▶ _Problem_
Everything from the line that holds "浙江丽水市德育专家、教学名师" through the end of the listing below must be retyped word for word, without any pictures.

+++

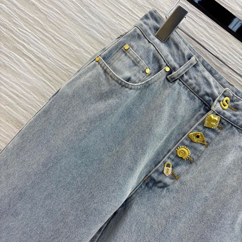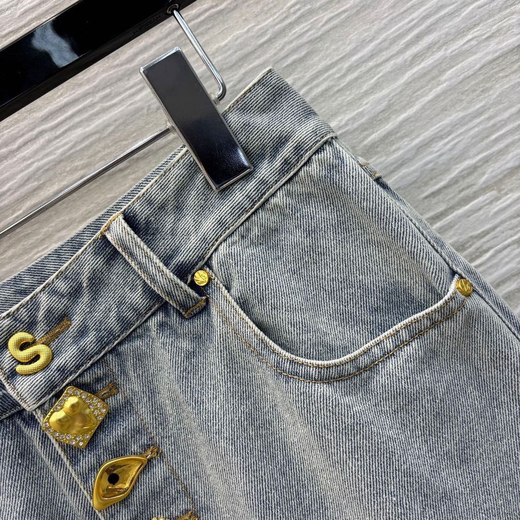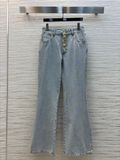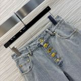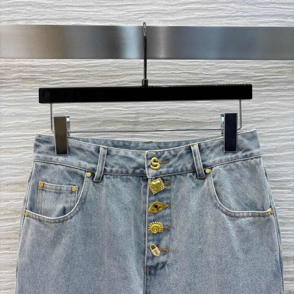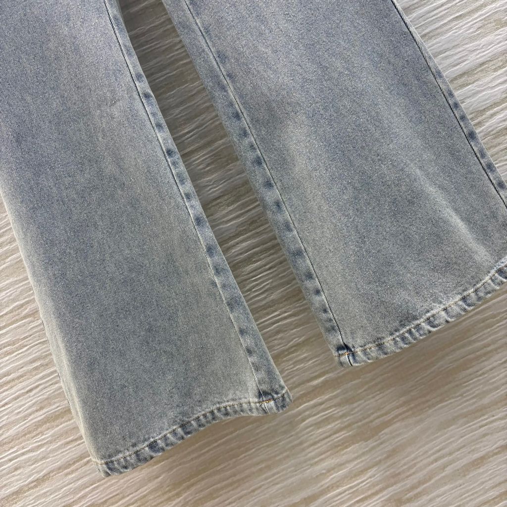 QUẦN JEANS NỮ SCH CÚC VÀNG BẤT ĐỐI XỨNG ỐNG LOE NHẸ SIÊU TÔN CHIỀU CAO 1850K (HÀNG ORDER QUỐC TẾ)*
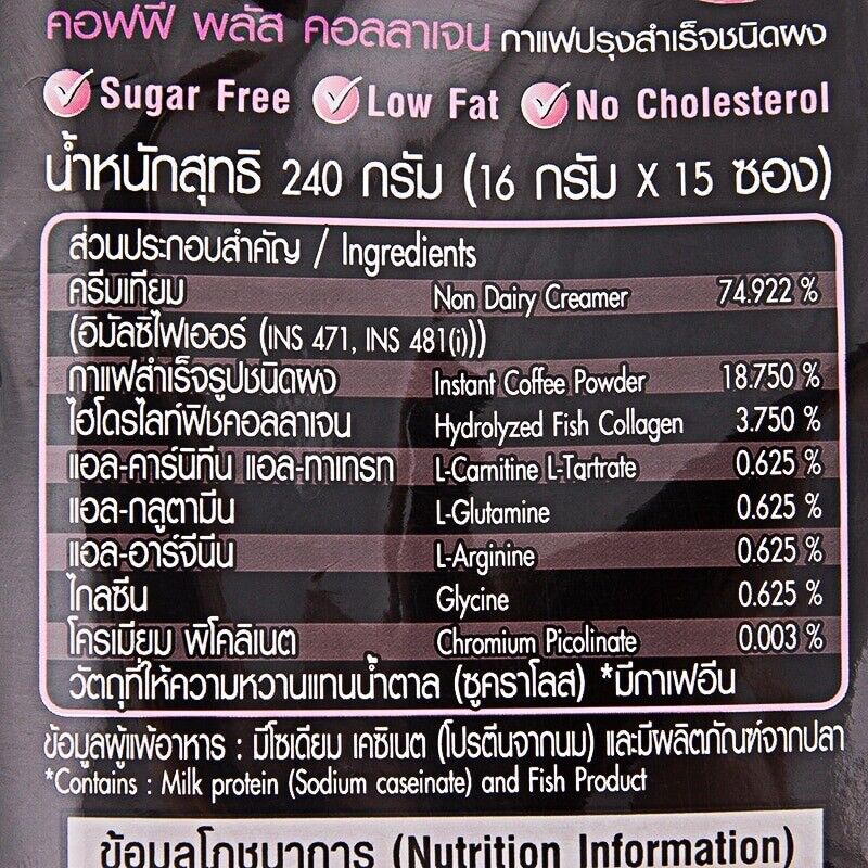 3 x Truslen Coffee Collagen Plus Control Weight Break Down Fat Slimming No Sugar Expedited shipping by DHL express 3-5 business days delivery. **** Excluding Remote Area Surcharge **** Description Condition: New Quantity: 3 Packs / Set Net Weight: 16 g / Sachet Size: 15 sachets / Pack Thai FDA: 10-1-12650-1-0020 100% Authentic Product detail & Benefit Truslen Coffee Plus Collagen Strong flavor coffee Contains collagen extracted from deep-sea fish,Plus Hydrolyzed Fish Collagen, L-Carnitine,L-Glutamine. This helps in the breakdown of excess fat and helps restore and nourish the skin to be more lively Suitable for people who want to control weight and take care of the skin. Properties - Reduce the accumulation and help the breakdown of fat - Revitalize and nourish the skin to be radiant and lively. - Helps to build a firm figure and build muscle mass - no sugar How to eat: Take 1 Sachet per day mix with warm water 120 ml. each morning. Advice: - Can drink 2 small sachets per day for best results, drink 2 sachets per day as normal coffee meals. - 1 sachet provides 60 calories. Ingredients : Non-Dairy Creamer, Coffee Powder, Hydrolyzed Fish Collagen, L-Carnitine L Tartrate Our Policy: Customs Duty fees & Import Taxes: (IMPORTANT, Must Read Before Ordering) # Buyers may need to pay the customs fees & import taxes when your order value is higher than the threshold value of your country. Please check with your country's customs to understand the fee rate before ordering so you can estimate how much you need to pay. # Customs duty fees / import taxes and charges are not included in the product price or shipping cost. These fees are the buyer's responsibility. # The customs fees / taxes are normally collected by the shipping carrier company (DHL) to pay for your country's customs. It is not the additional shipping charge from us or DHL so please don't confuse. # I cannot accept the return shipment because buyers don't want to pay the customs fees / taxes in any case. # Customs duty fees / taxes are the law of your country. No one can have the privilege to avoid these fees. If you don't want to pay these fees / taxes, please don't buy Shipping: # Shipping worldwide from Thailand via DHL Express & take 3-5 business days. (The shipping time may be longer than normal depending on the location of your area, the uncontrollable customs clearance delay, or other uncontrollable events). # We cannot support to ship the item to the remote area in some countries. So, please kindly check your location with DHL Express in your country first if you don't sure you are in the remote area or not. # We will normally ship the item within 3 business days. # For multiple orders, if no other instruction from the buyer, the orders will be combined to ship together in 1 shipment. Return & Refund: # 100% Guarantee. Any issue, please let us know & get full refund in 30 days. # Postage cost is non-refundable. Return postage cost is the buyer's responsibility. Thank you very much. Have a good day.
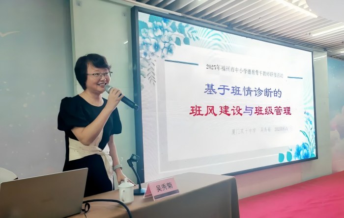 浙江丽水市德育专家、教学名师、高级教师朱德飞以《新时代学校德育顶层设计:领导力、德育力、融合力的浙江实践与福州启示》为题,分享了杭州、丽水、福州等地的德育工作实践经验,为学员们在实践中提升德育专业能力提供了借鉴。
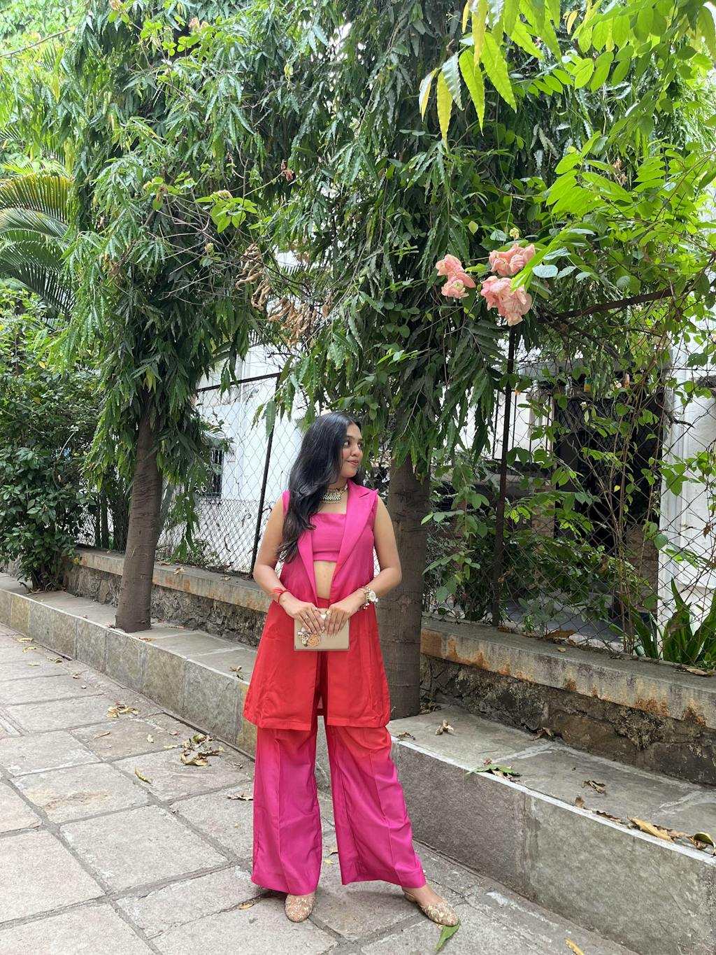Make a statement in this Three Piece Co-ord Set. Each piece is made from 100% linen making it perfect and super breathable for Indian weather. The full length trousers feature a wide waistband for a super comfortable fit. The waistband is smooth in the front and elasticated in the back for maximum comfort. The inner bralette comes with pads so go bra free with ease! The jacket adds an elevated look. This set is super versatile - wear it with or without the jacket or change the bralette inside for a whole new look.
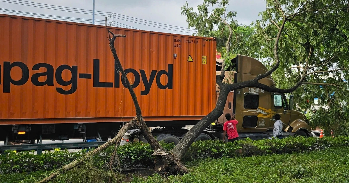 Hơn 18 giờ ngày 3.7, Công an xã Bình Lợi (TP.HCM) phối hợp Đội CSGT An Lạc (Phòng CSGT Công an TP.HCM) giải quyết hiện trường xe container va trúng cây xanh, khiến cây ngã đè phương tiện này trên đường Trần Văn Giàu.

+++

▶ _Exercise result_
 浙江丽水市德育专家、教学名师、高级教师朱德飞以《新时代学校德育顶层设计:领导力、德育力、融合力的浙江实践与福州启示》为题,分享了杭州、丽水、福州等地的德育工作实践经验,为学员们在实践中提升德育专业能力提供了借鉴。
Make a statement in this Three Piece Co-ord Set. Each piece is made from 100% linen making it perfect and super breathable for Indian weather. The full length trousers feature a wide waistband for a super comfortable fit. The waistband is smooth in the front and elasticated in the back for maximum comfort. The inner bralette comes with pads so go bra free with ease! The jacket adds an elevated look. This set is super versatile - wear it with or without the jacket or change the bralette inside for a whole new look.
 Hơn 18 giờ ngày 3.7, Công an xã Bình Lợi (TP.HCM) phối hợp Đội CSGT An Lạc (Phòng CSGT Công an TP.HCM) giải quyết hiện trường xe container va trúng cây xanh, khiến cây ngã đè phương tiện này trên đường Trần Văn Giàu.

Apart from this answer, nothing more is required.